My Evening With Butterbean

I once spent time in a cramped dressing room with a 400-pound boxer.

In 2003, you see, I drove to Lincoln City, Ore., to watch Tonya Harding in a “boxing” match. You can read about that here. But the most memorable part of the evening involved Butterbean, boxing’s heralded King of the Four Rounders.

The boxing card was at the Chinook Winds Casino, and Chinook Winds’ idea of a media work room was to stuff the reporters into a meeting room across the hall from the ballroom that served as the makeshift boxing arena.

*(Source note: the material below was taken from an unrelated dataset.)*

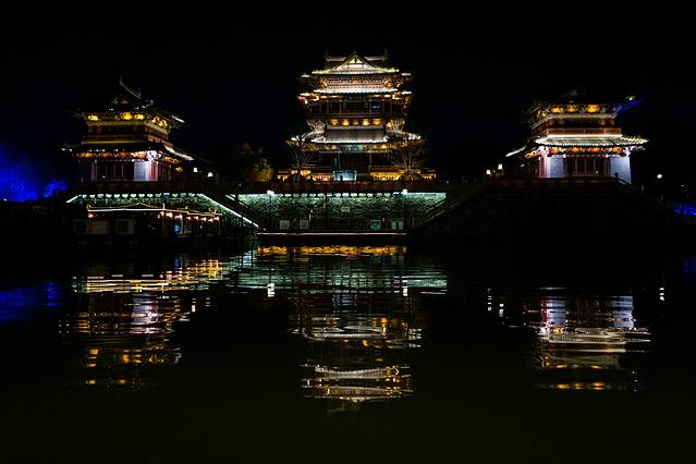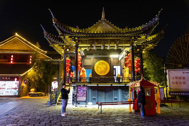 泰州是一座水的城市,有着特色的水文化体系。凤城河景区主打泰州历史、戏曲、民俗、商贾四大特色文化,沿着河畔坐落有望海楼、州城遗址、碑苑、桃园、文会堂、梅园等30多处各式景点。每当夜幕降临,“夜游凤城河”就成了来泰州旅游必不可少的体验项目。夜幕中的凤城河景区,名楼、名园都披上了灯光,流光溢彩。乘坐画舫游船,迎着徐徐微风慢游,体验梦幻的水上风情。

After the Harding fight, the reporters repaired to their “work room,” only to find that it also was being used as Butterbean’s dressing room.

He was famous by that time, a boxing novelty act adored by the public for his everyman persona. Well, if every man was bald and weighed 400 pounds or so.

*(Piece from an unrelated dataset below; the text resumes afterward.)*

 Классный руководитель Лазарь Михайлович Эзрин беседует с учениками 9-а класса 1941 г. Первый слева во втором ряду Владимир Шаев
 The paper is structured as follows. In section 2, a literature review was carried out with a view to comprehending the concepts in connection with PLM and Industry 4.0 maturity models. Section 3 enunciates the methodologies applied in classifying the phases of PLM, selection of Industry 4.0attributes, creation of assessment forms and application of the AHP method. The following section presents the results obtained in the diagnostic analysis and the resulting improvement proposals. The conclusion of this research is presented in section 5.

So, while we were busy working on stories about the local novelty that was Harding, Butterbean was busy preparing for his fight with a little shadow boxing. Trying to wax lyrically on deadline to a soundtrack of PFFFT-UGH-PFFFT-SHHHPP-PFFFT isn’t the easiest task in the world, but, hey, we’re trained professionals.

Anyway, Butterbean is warming up, and making small talk with reporters, and sitting down at our table to autograph a stack of 8-by-10 glossy photos, and he comes across as just about the most personable and engaging world-famous 400-pounder who beats people up that I’ve ever shared a dressing room with.

Moments later, Butterbean walks across the hall to the arena to be greeted by copious cheers. We can hear the introductions and the bell and the sounds of the fight:

YAYYYY

HZZZAAAHHHH

OHHHHHHHHHHHHH!

“AND THE WINNER, AT 54 SECONDS OF THE FIRST ROUND . . . BUTTERBEAN!”

And then he came back, engaging as ever and none the worse for wear.

I was reminded of all that a couple weeks ago, when Sports Illustrated included a feature about Butterbean in its “Where Are They Now?” issue. He’s back in Alabama, returning to the roots that sprouted one of the most unlikely boxing careers in history, and he sounds just as likable as he was 10 years ago.